─── Recorded information
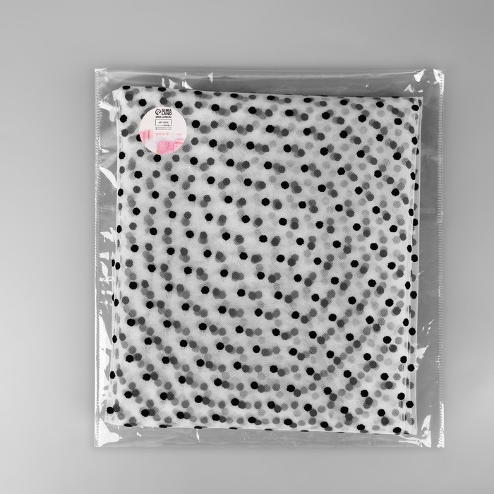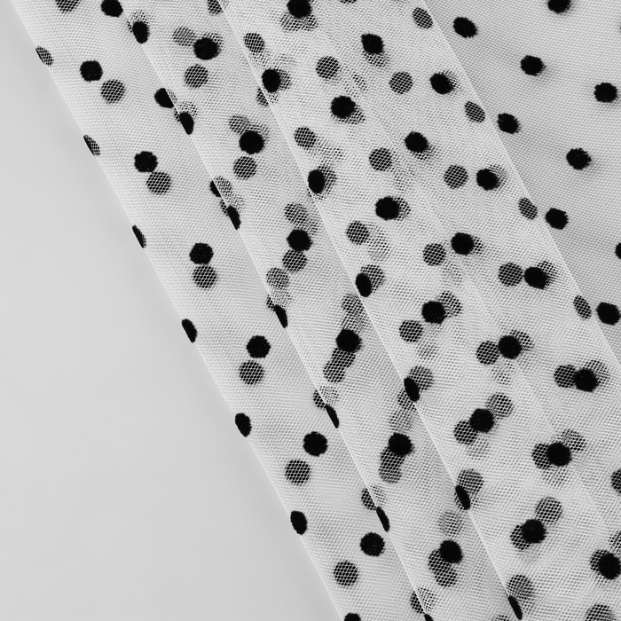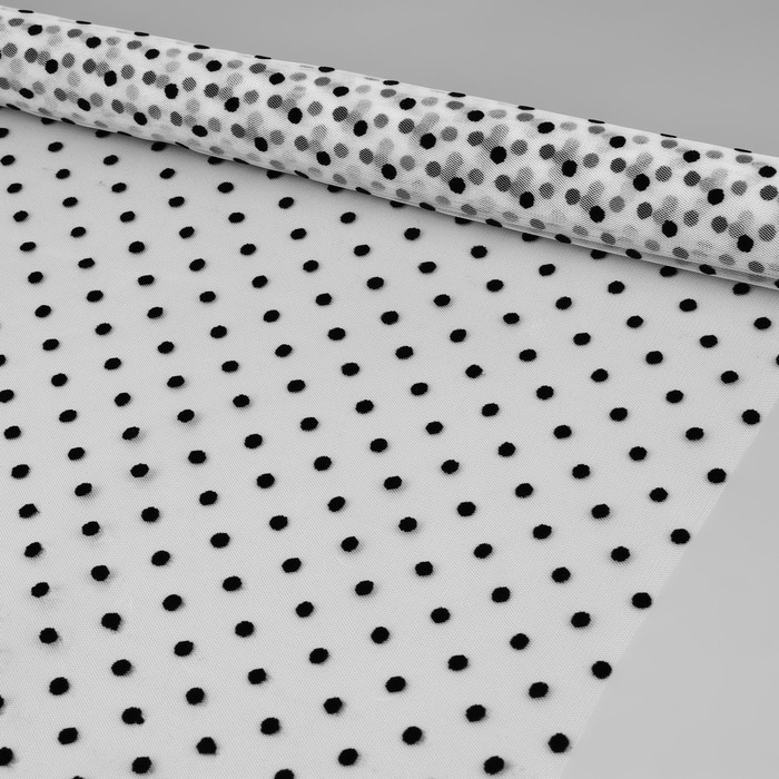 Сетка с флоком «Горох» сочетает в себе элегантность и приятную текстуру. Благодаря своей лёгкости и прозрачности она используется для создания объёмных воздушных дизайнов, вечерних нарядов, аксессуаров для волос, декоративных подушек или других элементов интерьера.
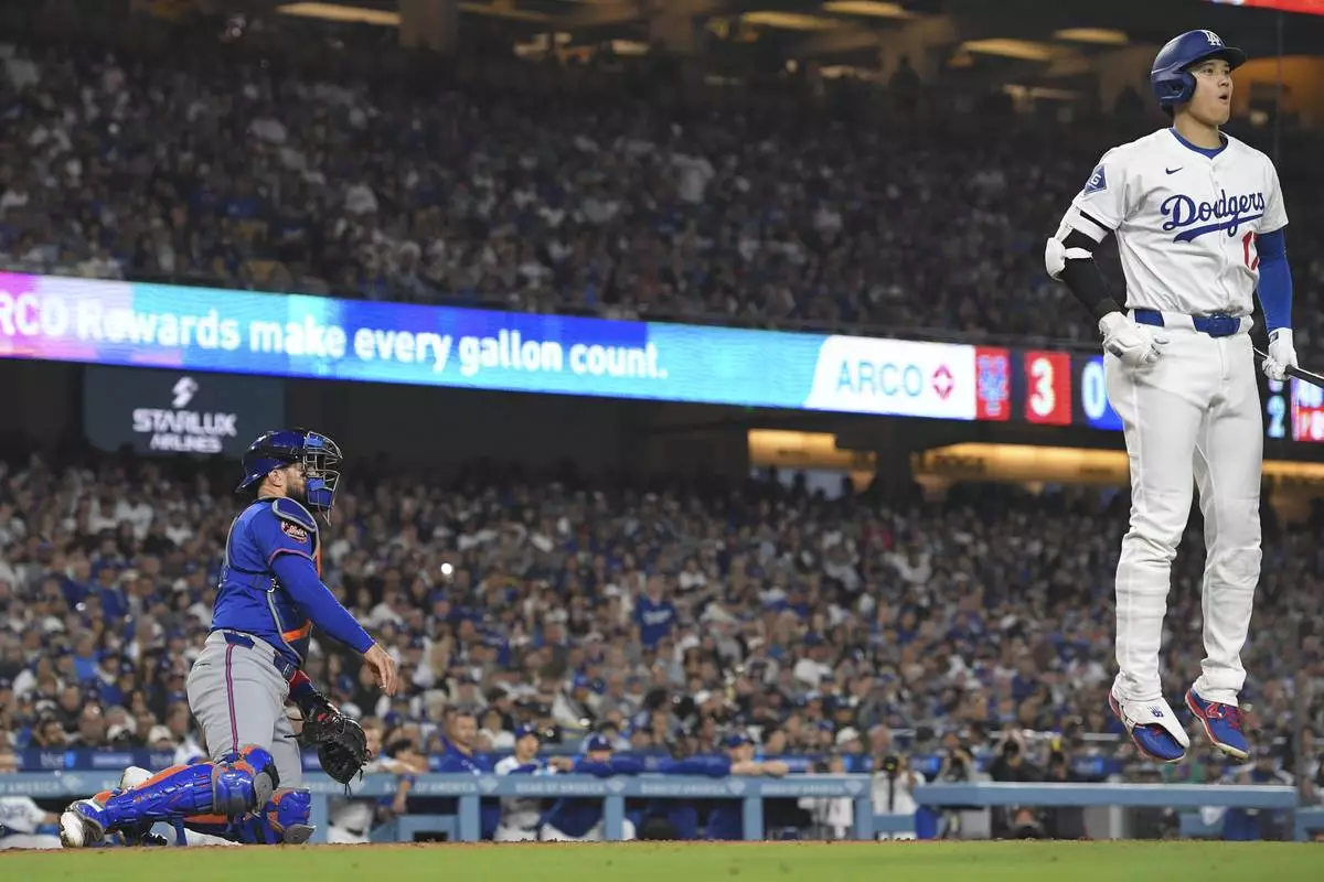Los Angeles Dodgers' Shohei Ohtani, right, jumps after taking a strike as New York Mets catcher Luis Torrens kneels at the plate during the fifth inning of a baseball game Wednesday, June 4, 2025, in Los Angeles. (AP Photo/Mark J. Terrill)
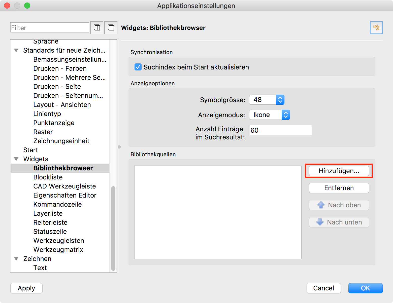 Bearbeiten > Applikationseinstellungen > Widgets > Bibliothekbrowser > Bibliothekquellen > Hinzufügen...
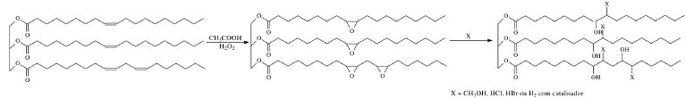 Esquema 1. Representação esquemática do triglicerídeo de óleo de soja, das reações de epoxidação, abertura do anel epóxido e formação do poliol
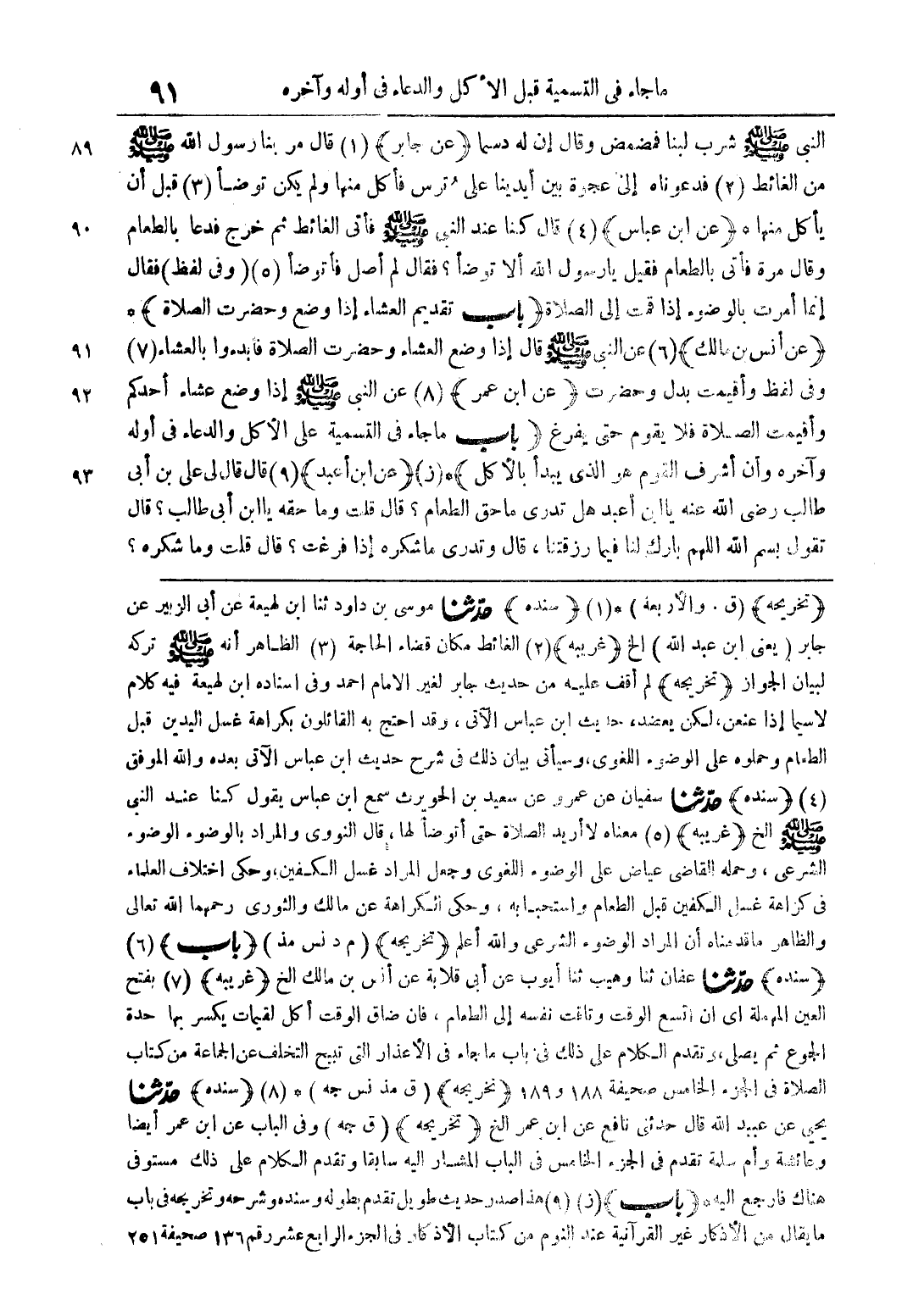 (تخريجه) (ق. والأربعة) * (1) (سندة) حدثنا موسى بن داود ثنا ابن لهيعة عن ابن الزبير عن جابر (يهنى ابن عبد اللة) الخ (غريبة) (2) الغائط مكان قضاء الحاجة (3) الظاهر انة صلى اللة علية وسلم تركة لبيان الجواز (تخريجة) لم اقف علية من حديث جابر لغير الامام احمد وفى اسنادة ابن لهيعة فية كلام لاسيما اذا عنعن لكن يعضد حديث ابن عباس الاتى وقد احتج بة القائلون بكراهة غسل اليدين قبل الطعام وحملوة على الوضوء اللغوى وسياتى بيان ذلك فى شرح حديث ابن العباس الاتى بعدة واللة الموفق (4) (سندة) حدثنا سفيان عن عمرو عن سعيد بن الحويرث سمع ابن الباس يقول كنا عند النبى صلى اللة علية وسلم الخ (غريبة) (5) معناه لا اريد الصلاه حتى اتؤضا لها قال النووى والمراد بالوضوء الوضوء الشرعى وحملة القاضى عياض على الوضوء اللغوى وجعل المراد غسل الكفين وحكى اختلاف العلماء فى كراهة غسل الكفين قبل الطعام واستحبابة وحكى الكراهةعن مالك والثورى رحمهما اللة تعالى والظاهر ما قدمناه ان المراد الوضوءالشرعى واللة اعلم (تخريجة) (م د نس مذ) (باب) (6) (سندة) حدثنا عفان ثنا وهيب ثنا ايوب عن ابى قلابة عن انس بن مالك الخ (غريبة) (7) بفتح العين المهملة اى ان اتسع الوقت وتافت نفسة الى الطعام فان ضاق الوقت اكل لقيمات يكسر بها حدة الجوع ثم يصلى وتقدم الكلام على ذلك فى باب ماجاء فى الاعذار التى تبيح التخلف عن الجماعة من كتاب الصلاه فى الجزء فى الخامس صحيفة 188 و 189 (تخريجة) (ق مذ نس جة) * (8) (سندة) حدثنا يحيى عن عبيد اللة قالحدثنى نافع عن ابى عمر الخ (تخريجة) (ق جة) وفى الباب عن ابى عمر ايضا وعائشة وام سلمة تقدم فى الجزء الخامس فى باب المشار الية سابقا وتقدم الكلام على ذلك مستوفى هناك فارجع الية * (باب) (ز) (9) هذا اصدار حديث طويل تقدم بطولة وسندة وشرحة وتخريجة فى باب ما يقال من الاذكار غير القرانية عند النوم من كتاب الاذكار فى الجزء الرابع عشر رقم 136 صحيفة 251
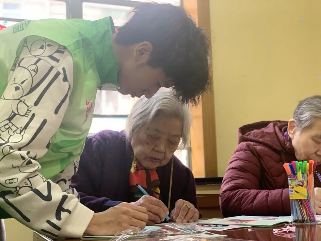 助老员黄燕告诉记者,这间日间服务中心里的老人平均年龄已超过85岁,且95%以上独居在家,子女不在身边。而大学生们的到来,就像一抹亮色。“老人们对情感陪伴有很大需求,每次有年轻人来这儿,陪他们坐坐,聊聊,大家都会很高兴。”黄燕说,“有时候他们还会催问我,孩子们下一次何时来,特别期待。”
──────
## [Description of the task]
What is needed is an exact copy of the lines above, from the one holding "Bearbeiten > Applikationseinstellungen" down to the one holding "Esquema 1. Representação", with those two included and the pictures left out.

## [Your response]
 Bearbeiten > Applikationseinstellungen > Widgets > Bibliothekbrowser > Bibliothekquellen > Hinzufügen...
 Esquema 1. Representação esquemática do triglicerídeo de óleo de soja, das reações de epoxidação, abertura do anel epóxido e formação do poliol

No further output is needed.